Digirad believes that its products will have a positive impact on the health care bottom line. Currently, after someone has an abnormal mammogram, they are often sent to get a biopsy. About 800,000 breast biopsies are performed each year in the United States - 90 percent of which are negative, at a cost of $3,000-5,000 per biopsy. A nuclear medicine study can detect the breast cancer and provide more direct information to help potentially reduce the number of unnecessary biopsies, which helps reduce health care costs -- cancer specialists, for instance, can detect breast tumors that don't show up on conventional mammograms, especially when breast tissue is very dense.

In addition, cardiologists are using nuclear imaging to determine the extent of heart damage when someone is having, or has had, a heart attack. It's estimated that about 40 percent of the five million Americans who go to emergency rooms each year with cardiac symptoms are not having a heart attack. Conversely, about 50,000 of those having heart attacks are mistakenly sent home. Nuclear imaging can distinguish between these possibilities.

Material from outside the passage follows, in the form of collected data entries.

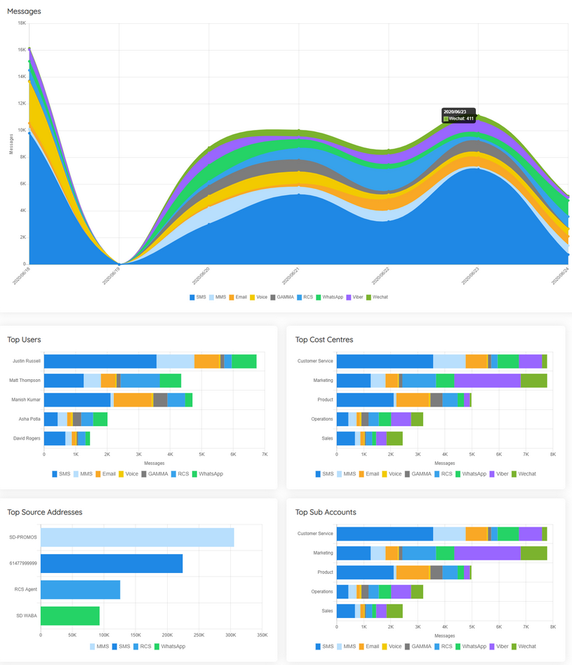 This section provides several sets of 'at-a-glance' reporting statistics relating to message traffic, as detailed below. Simple SMS messages can be also be sent from the 'Dashboards' screen.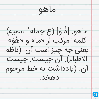 ماهو در فرهنگ لغات ها (دهخدا،معین و ... ) + سایر منابع اطلاعاتی
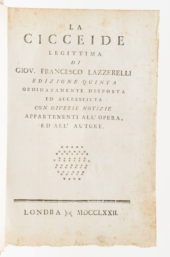 Lazzarelli, Giovanni Francesco (1621-1693) La Cicceide legittima...edizione quinta...Londra,1772.

Digirad's ability to evolve and develop new products is not only going to help the company increase sales (the market for gamma cameras in nuclear medicine is over $700 million a year), but it will also be making a major contribution to medicine and other fields. Health care costs are expected to continue to increase over the next five to ten years. Digirad's cost-effective solid-state technology can provide faster diagnoses leading to more effective treatment. The company is confident that its core technology will revolutionize the gamma camera market in the same way that other solid-state innovations changed industries such as computers, televisions and radios, and expects the technology can be applied to areas outside the world of medicine. These will not only help produce new sources of revenue, but enable the company to make a significant contribution in a wide variety of markets.

One such area is materials analysis - the detector can be used to look for cracks in airplane engines, oil well logging, nuclear weapons surveying, environmental monitoring and geological surveying. The imager can be used, for example, as an industrial X-ray for food processing, and for airport baggage scanners for weapons detection. Digirad's core technology could also make it easier to inspect nuclear facilities in countries where access time is limited.

Digirad's solid-state innovations bode well for the company, which is well positioned to enter the 21st century as a leader in this exciting new technology.